After removing every image, reproduce the data exactly as it appears.

*** Opening of Given material ***

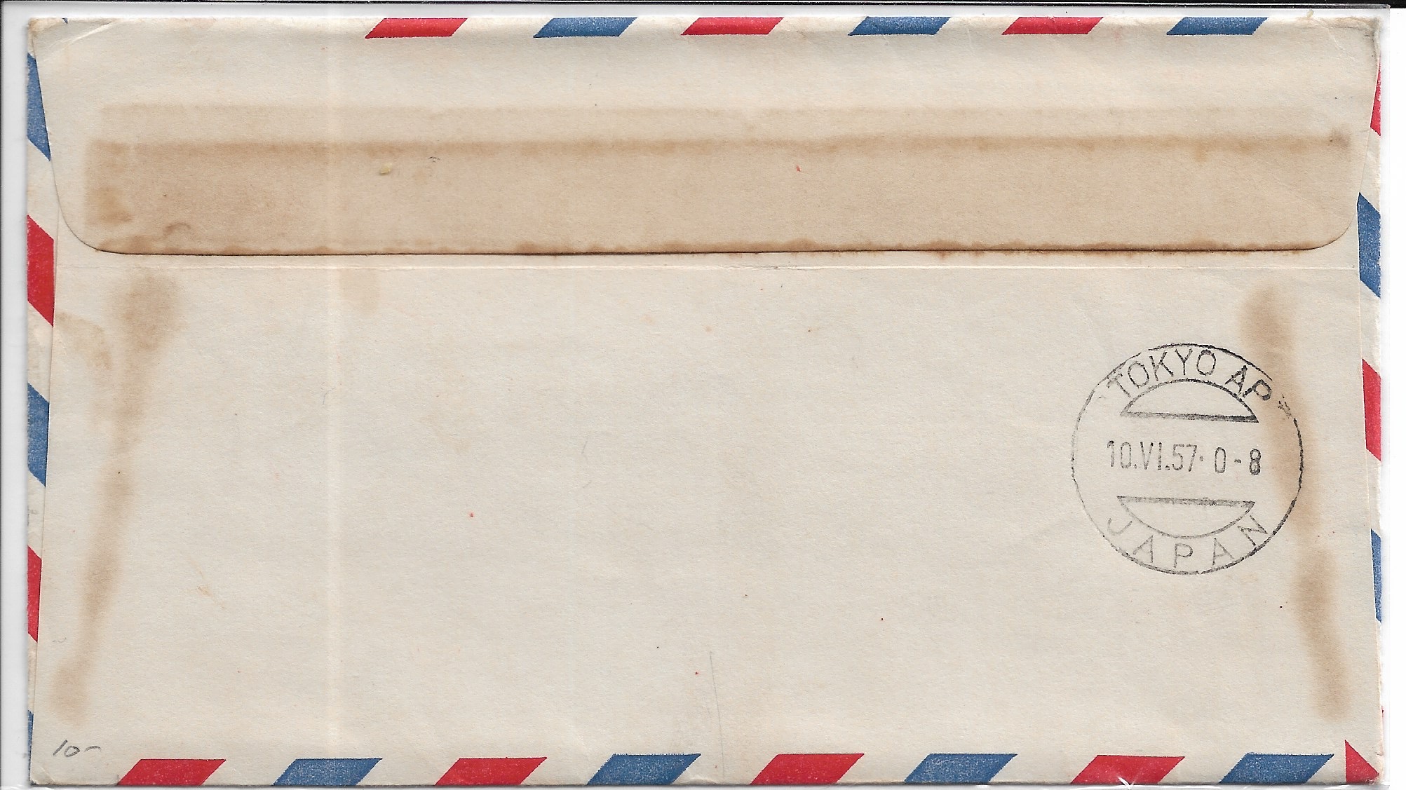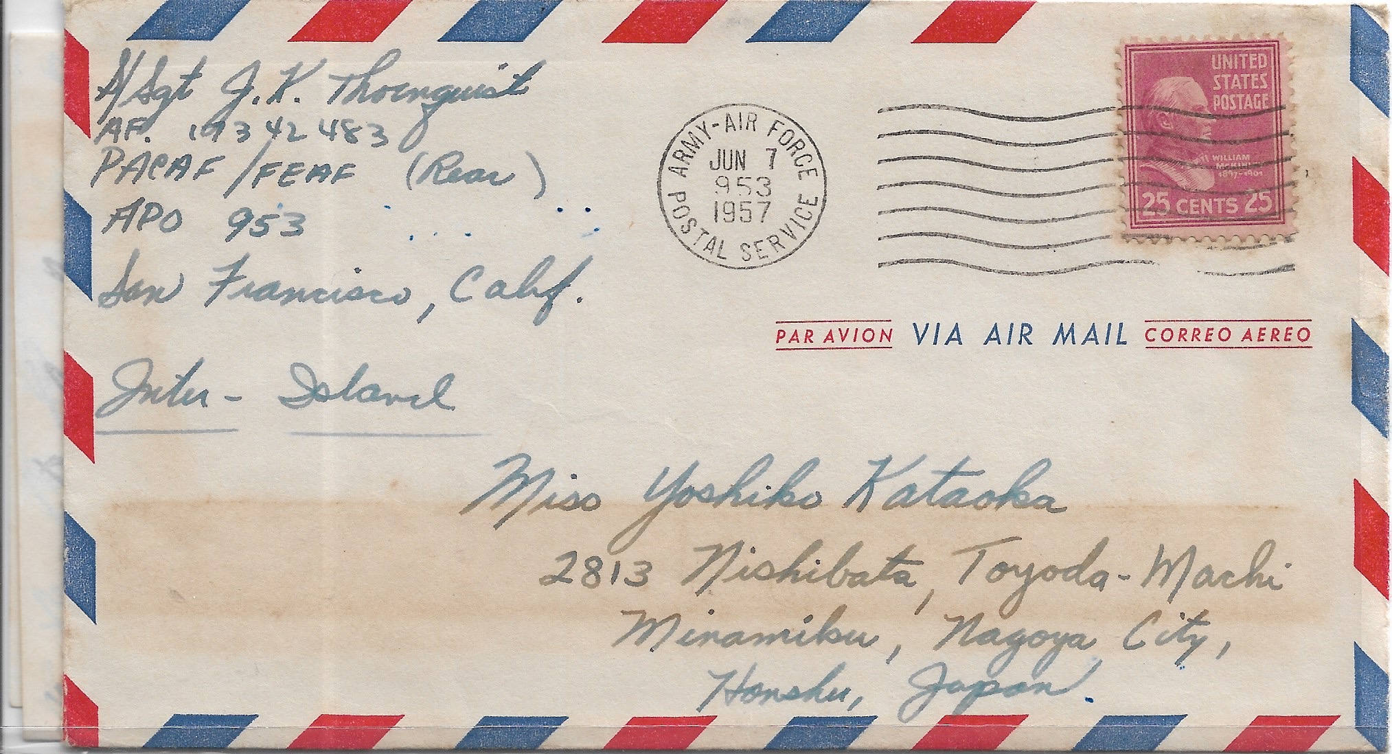 Korean War: 1957 APO 953, Japan to Nagoya City, Japan Airmail solo 25c Prexie w/Letter. Added Friday, September 19, 2025
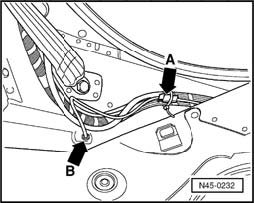 - Disconnect ABS wheel speed sensor harness connector - arrow A - and press out the grommet - arrow B -.
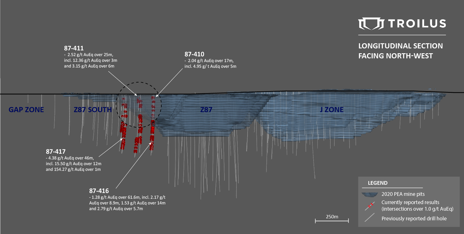 The results reported today are among the thickest and most continuous high grades identified at the Project and includes the single highest-grade interval ever drilled at the Troilus Mine site. Furthermore, a new shallow and high-grade panel of mineralization has been defined at the border of the Z87 PEA pit shell, which was not modelled in the Preliminary Economic Assessment (“PEA”; see PEA results press release dated August 31, 2020) nor considered as part of the pre-feasibility engineering work. This new panel West of Z87 has thus far been identified over a 300-metre strike length and remains open at depth and towards the Gap Zone. Highlights are reported below, while the complete results are presented in Table 1, and drill hole locations are shown in Figures 1 and 2. As a result of Troilus’ belief in the immediate impact of this new zone on the economics of the deposit, and after careful consideration, the Company will aggressively work on defining the impact of this shallow high-grade material, and as such intends to shift its engineering focus to the delivery of a Definitive Feasibility Study, rather than a pre-feasibility study as initially planned, that will incorporate these results. Further details on the status and delivery of the next engineering study is provided below.

*** Close of Given material ***

**Solution to this problem**
 Korean War: 1957 APO 953, Japan to Nagoya City, Japan Airmail solo 25c Prexie w/Letter. Added Friday, September 19, 2025
 - Disconnect ABS wheel speed sensor harness connector - arrow A - and press out the grommet - arrow B -.
 The results reported today are among the thickest and most continuous high grades identified at the Project and includes the single highest-grade interval ever drilled at the Troilus Mine site. Furthermore, a new shallow and high-grade panel of mineralization has been defined at the border of the Z87 PEA pit shell, which was not modelled in the Preliminary Economic Assessment (“PEA”; see PEA results press release dated August 31, 2020) nor considered as part of the pre-feasibility engineering work. This new panel West of Z87 has thus far been identified over a 300-metre strike length and remains open at depth and towards the Gap Zone. Highlights are reported below, while the complete results are presented in Table 1, and drill hole locations are shown in Figures 1 and 2. As a result of Troilus’ belief in the immediate impact of this new zone on the economics of the deposit, and after careful consideration, the Company will aggressively work on defining the impact of this shallow high-grade material, and as such intends to shift its engineering focus to the delivery of a Definitive Feasibility Study, rather than a pre-feasibility study as initially planned, that will incorporate these results. Further details on the status and delivery of the next engineering study is provided below.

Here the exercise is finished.